Competing interests: The authors have declared that no competing interests exist.
The growth and maturation of small collateral arteries (CA) into conduit vessels, termed arteriogenesis, is critical for restoration of blood flow to ischemic organs. This process is triggered by intravascular hemodynamic forces, involves the production of inflammatory cytokines and chemokines, and requires monocyte and macrophage recruitment to the growing vessel wall [1,2,3,4]. The chemokine MCP-1, the cognate ligand for CCR2, exerts profound effects on monocyte and macrophage migration and is critical for arteriogenesis . MCP-1 release is induced in endothelial cells by hemodynamic forces, such as cyclic stretch [6,7,8], and is required for recruitment of monocytes and macrophages to growing collaterals. However, intracellular signaling modules regulating this coordinated response from hemodynamic signals to leukocyte migration and recruitment to the vessel wall are largely unknown.

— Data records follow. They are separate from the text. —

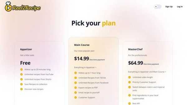 Reel2Recipe将烹饪视频秒变食谱,轻松发现与分享美食。精准提取视频关键信息,助您掌握烹饪技巧。无限量获取YouTube、TikTok和Facebook食谱,支持长达1小时视频转换,自由切换公制英制单位系统。同时提供本地超市食材查找及优先客户支持服务。享受便捷烹饪,从Reel2Recipe开始。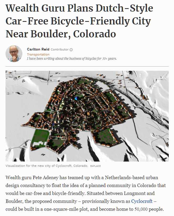 Forbes – Wealth Guru Plans Dutch-Style Car-Free Bicycle-Friendly City Near Boulder, Colorado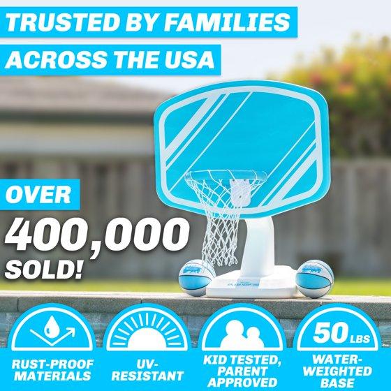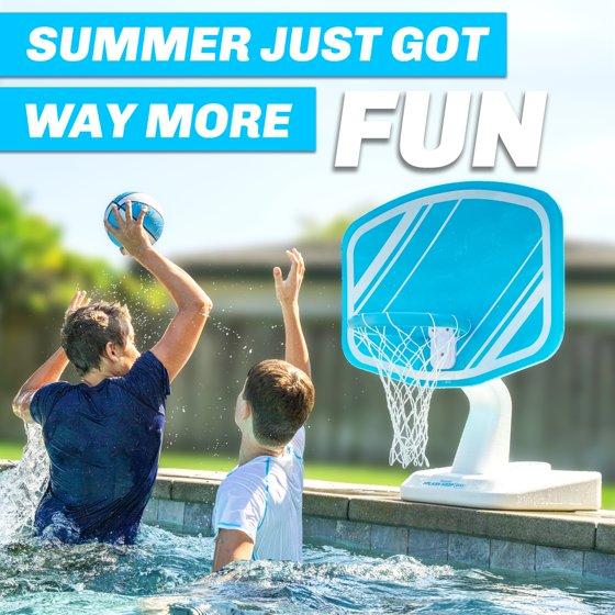GoSports Splash Hoop PRO Swimming Pool Basketball Game - Includes Poolside Water Basketball Hoop, 2 Balls and Pump – Aqua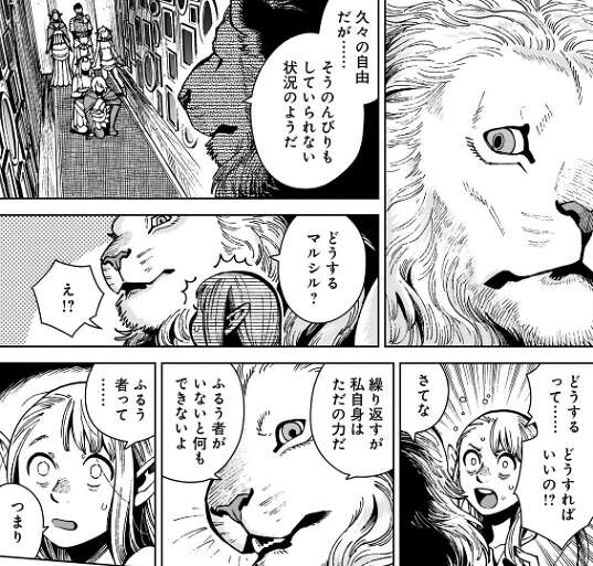 そして、私が迷宮の主になるから、今すぐ私の願いを叶えなさい!!と、マルシルは叫びます。それを聞いて翼獅子は頭がない状態で、素晴らしい!と、つぶやきます。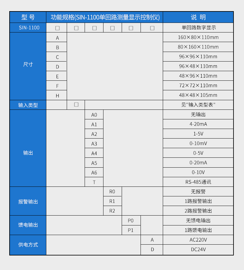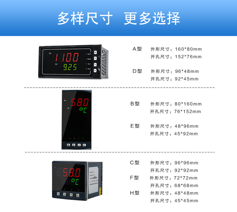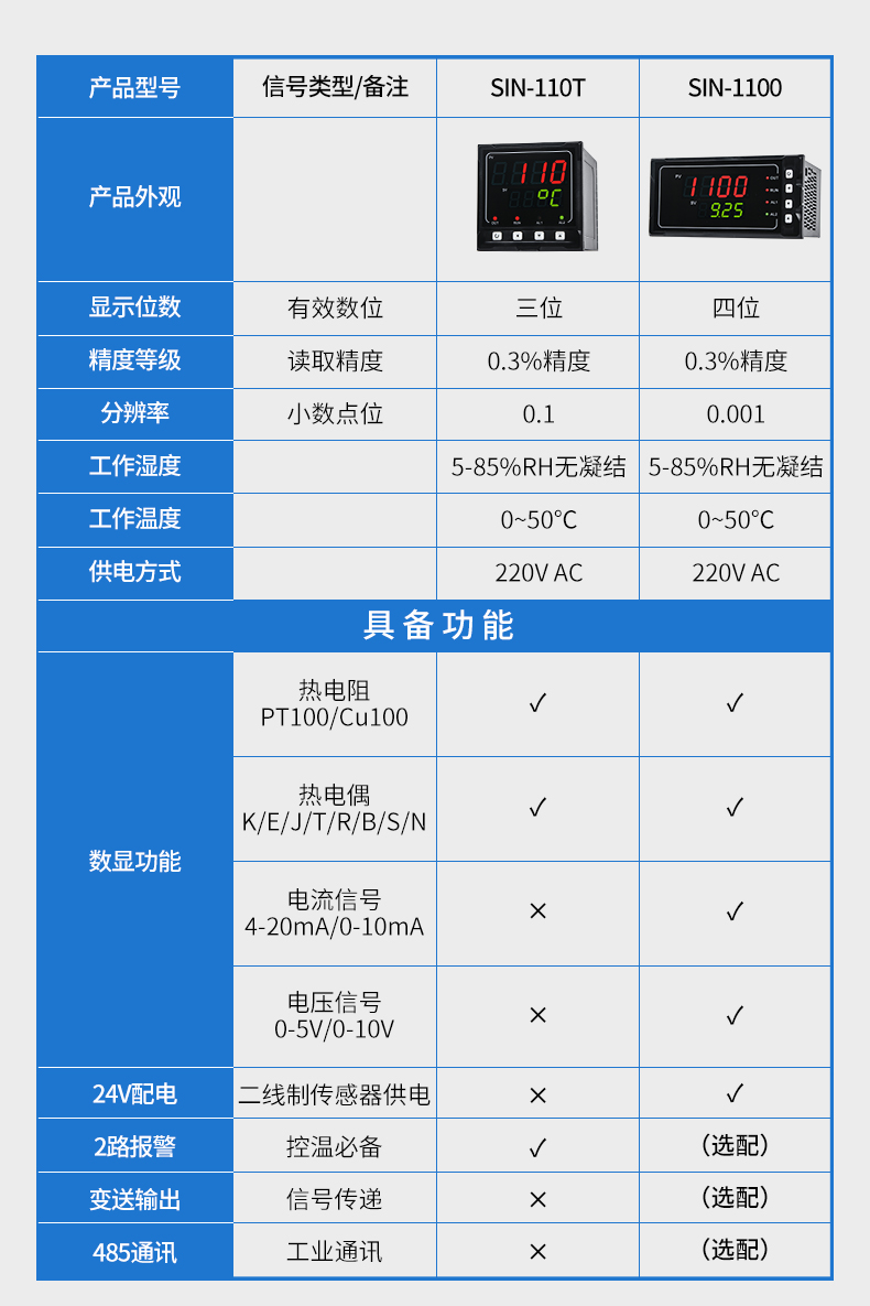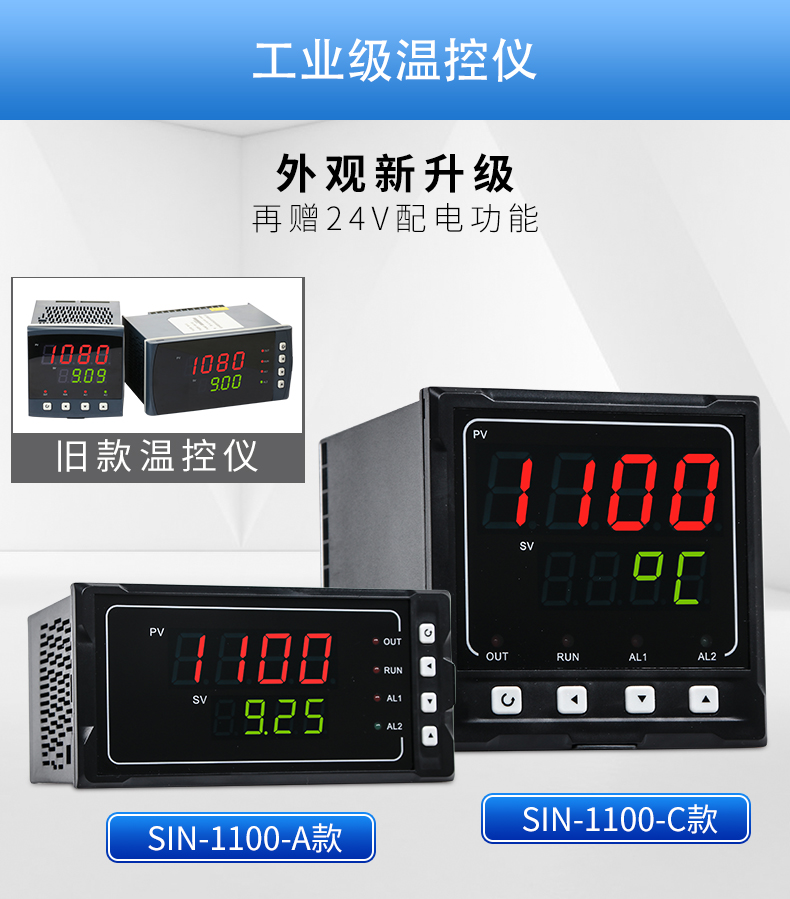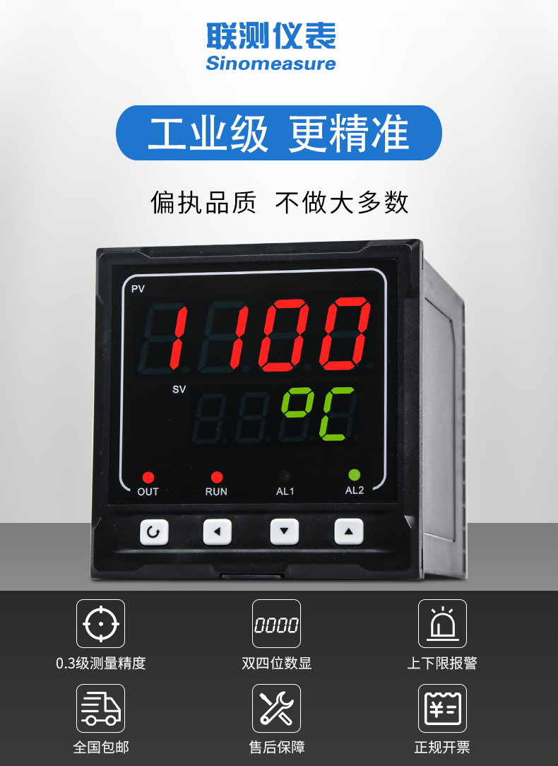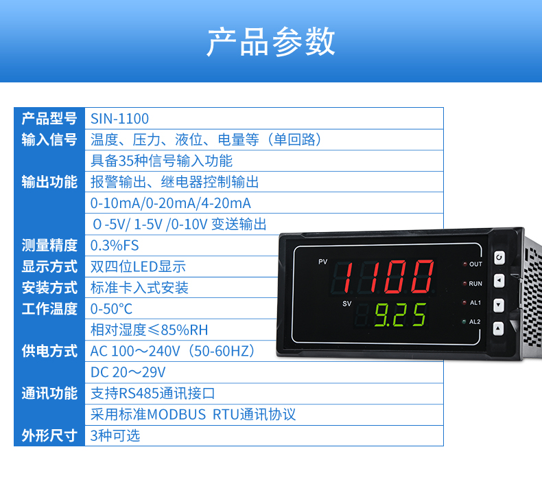 聯測SIN-1100數顯表(簡易型),傻瓜式操作,0.3級測量精度,7款外型尺寸,雙四位LED顯示,可支持熱電偶、熱電阻、電壓(可開方運算)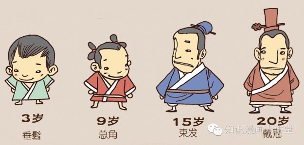 3、总角:古代幼童把垂发扎成两结于头顶把头发扎成髻,形状如角,因而也用“总角”来代指儿童的幼年时代。
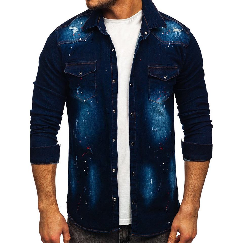 เสื้อแจ็กเก็ตมอเตอร์ไซด์สำหรับผู้ชายผ้าเดนิมทรงโอเวอร์ไซส์ไซส์ผ้าเดนิมสำหรับผู้ใหญ่ซักขนาดกลาง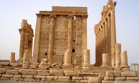 Shells have hit the columns of the ancient city's Temple of Bel (seen above before the bombardment), causing two of them to collapse.

The mitogen-activated protein kinase (MAPK)-activated protein kinase 2 (MK2) represents an important intracellular signaling protein mediating inflammatory processes. Recent studies demonstrate a central role of MK2 in the production of proinflammatory mediators (e. g. TNFα, IL-6) as well as for cell migration by modulating actin remodelling and stress fiber formation . The important functional role of MK2 for inflammatory processes was most clearly revealed in MK2-deficient mice employing different models of inflammatory diseases in vivo . These studies also demonstrated an essential role of MK2 for cytokine-induced expression of MCP-1 in endothelial cells [10,11]. As balanced inflammatory processes such as expression of MCP-1 as well as migration of monocytes are both required for postnatal arteriogenesis, the present study investigated the functional role of MK2 in postnatal arteriogenesis employing a murine model of hind limb ischemia (HLI).
Material and Methods
Hind limb ischemia model
This study was conducted conforming to the German Law for the Protection of Animals and the NIH Guide for the Care and Use of Laboratory Animals. It was approved by the Institutional Animal Care and Use Committee (IACUC) of Hannover Medical School and authorities of the government of lower-saxony (Niedersächsisches Landesamt für Verbraucherschutz und Lebensmittelsicherheit, Approval #13/1194). Every effort was made to minimize stress and discomfort of the animals during the experiments. Animals were housed in an air-conditioned animal facility in separately ventilated cages and fed ad libitum with balanced food and water. They were maintained on a 12 h light/darkness cycle. Health status was regularly determined at baseline without any detection of abnormalities/diseases before the experiments. Induction of hind limb ischemia and blood flow analysis by laser-doppler perfusion imaging were performed in wildtype (WT) and MK2-deficient mice  (global knock-out, back-crossed at least 10 generations to the genetic background B57BL/6J) as described previously [13,14]. Briefly, mice were anesthetized by intraperitoneal injection of a mixture of ketamine (2 mg/kg body weight) and xylazine (13 mg/kg body weight) and the femoral artery was ligated distal to the origin of the deep femoral artery and proximal to the popliteal artery. Blood flow measurements in mouse feet were performed on 37°C heated pads before and immediately after surgery, and on post-operative days 3, 7, 14, and 21 using a laser Doppler perfusion imager (PIM II, Perimed, Sweden). Perfusion was expressed as the ratio of ligated-to-nonligated side. No important adverse events before final analysis were detected demanding early termination of the experiment.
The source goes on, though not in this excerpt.